House price Prediction with Zillow Economics Dataset

Predictive Model with XGBoost and Linear Regression based on factors like Median Income, Number of schools, Crime Rate, Unemployment rate, Number of Hospitals and their ratings

Purchasing a house is a big decision in a person’s life and needs a considerable amount of thought and research. One would like to buy a house at the best rate and minimum risk and would like it to be the best investment for the future. Various online websites, real estate agents and realtors try to guide home buyers by letting them compare different houses available for purchase.

In this article, we are going to discuss the results obtained for a data science project for House price prediction. We are trying to predict the house prices using Machine learning algorithms XGBoost and Linear Regression considering factors such as Median income in a county, Crime rate in that county, public schools, hospitals, hospital ratings and unemployment rate in the county.

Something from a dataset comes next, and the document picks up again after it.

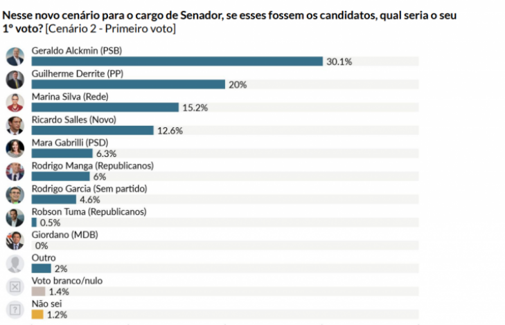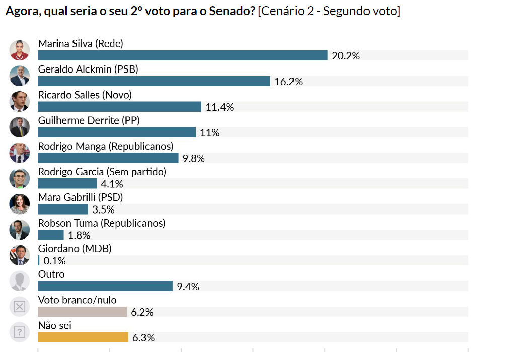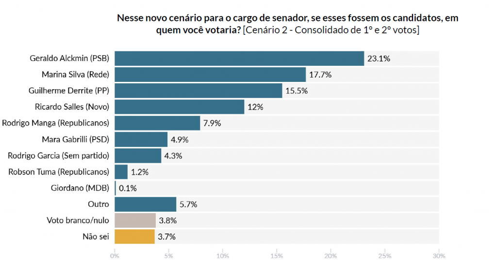 Nas intenções de voto para a primeira vaga do Senado por São Paulo, Marina Silva aparece com 15,2%, atrás de Alckmin, com 30,1%, e Derrite, com 20%. Em seguida, estão Salles, com 12,6%; Gabrilli, com 6,3%; Manga, com 6%; Garcia, com 4,6%; Tuma, com 0,5%; e Giordano, com 0%.

The aim of the project is to provide the best counties/areas in the USA to invest in for a national real estate developer, individual buyers, banks looking for a place to develop a new apartment building or to purchase. Another goal is to predict the house prices in a county in the next few months.

What is the predicted price per square foot of a home in a given zip code/ county in the next few months? Can we predict the price based on crime rates, schools and other information/metrics provided by Zillow for a zip code/neighborhood/county?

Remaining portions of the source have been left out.